As she imagined her labor coming to fruition, she realized how callous she’d become. She felt no sadness, no guilt. She admitted this without sentiment. She felt no compassion for Su-ho or his aged mother, either. Nor for herself, clinging hopelessly to this plan of hers. If she felt any emotion connected to her plan, it was envy toward Su-ho for the world he was about to reach. The unfamiliar world called death.
A little after nine, she left the shadows of the darkened tenement flats. On the way to the station, she stopped at a phone booth and slowly dialed her old number. It rang for a long time. She imagined it ringing to no avail inside the ruins of #157. But, of course, that didn’t happen. There was nothing left of #157.
Next she dialed another number. She’d pictured herself dialing it so many times in her head that she had it memorized. Someone answered on the third ring. Their wheezy voice traveled through the receiver. Se-oh said nothing. The other person breathed deliberately, like an animal sizing up its adversary, and then suddenly shouted.
“Who the hell are you? Why are you doing this to us?”
The old woman sounded terrified. She was breathing hard, her voice sharper and shriller than necessary. Se-oh didn’t respond.
“Why are you doing this to my son?” the woman yelled again.

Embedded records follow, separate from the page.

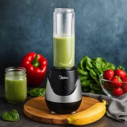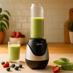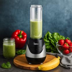 Продава се компактен и мощен персонален блендер Midea, идеален за забързаното ежедневие. Само с едно натискане приготвяш смути, фреш или протеинов шейк за секунди – директно в бутилката, която можеш да вземеш със себе си. С мощност от 600 W и 20 000 оборота в минута, блендерът смила без проблем плодове, зеленчуци, ядки и дори лед, осигурявайки гладка и приятна текстура. Компактният дизайн пести място, а почистването е бързо и лесно. Основни предимства: Мощност: 600 W 20 000 оборота в минута Бутилка To-Go 0.7 л (без BPA) 4 остриета за ефективно смилане Лесен за почистване (подходящ за съдомиялна) Защита от неправилно сглобяване Компактен и удобен за носене Подходящ за здравословни закуски, смутита и шейкове – у дома, в офиса или след тренировка. Отличен избор за хора, които искат бързо и лесно да се хранят здравословно. Гаранция: 12 месеца.
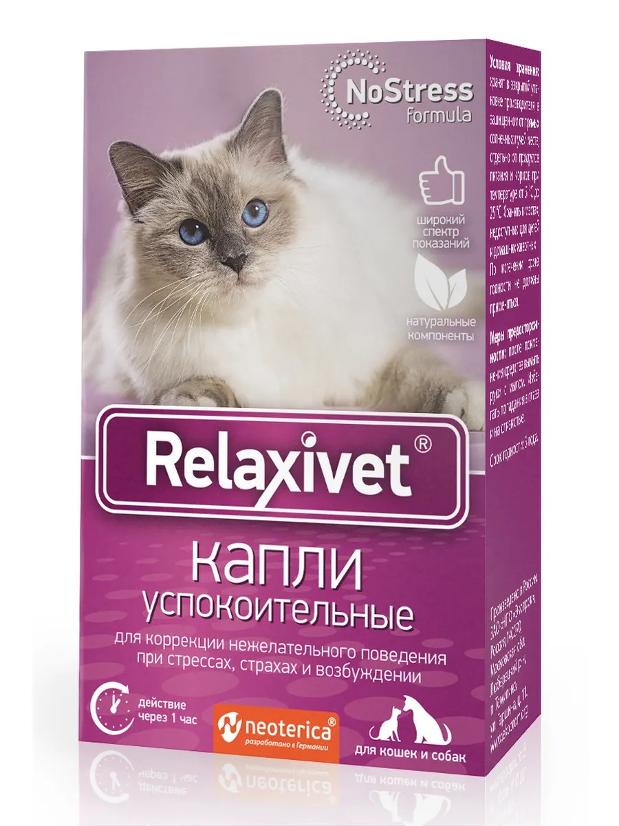 Успокоительные капли Relaxivet благотворно влияют на нервную систему, способствуют снятию нервного напряжения и беспокойства у животных, особенно при транспортировке, половом возбуждении и для профилактики стресса.
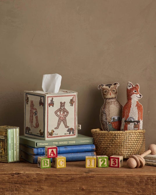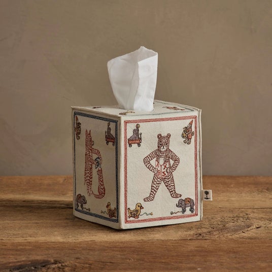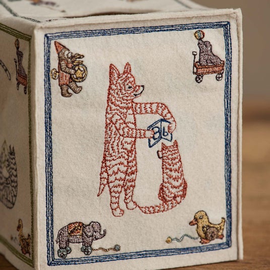 アメリカの伝統的な「ABCブロック」から着想を得たティッシュボックスカバー。書籍『ABC: An Animal Alphabet Adventure』を読む動物たちの姿を、刺繍で丁寧に表現しました。フェルト素材ならではの柔らかな質感と、どこか懐かしさを感じるデザインが魅力です。

Some animals raise their quills when they’re scared. Some change color. Some spit venom. The old woman screeched. She was still breathing hard. Se-oh couldn’t make out any other sounds. If Su-ho had been home, he probably would have grabbed the phone from his mother and yelled for her.
“Please stop.”
This time the old woman begged. Se-oh could practically feel her breaths through the phone. She did not hang up.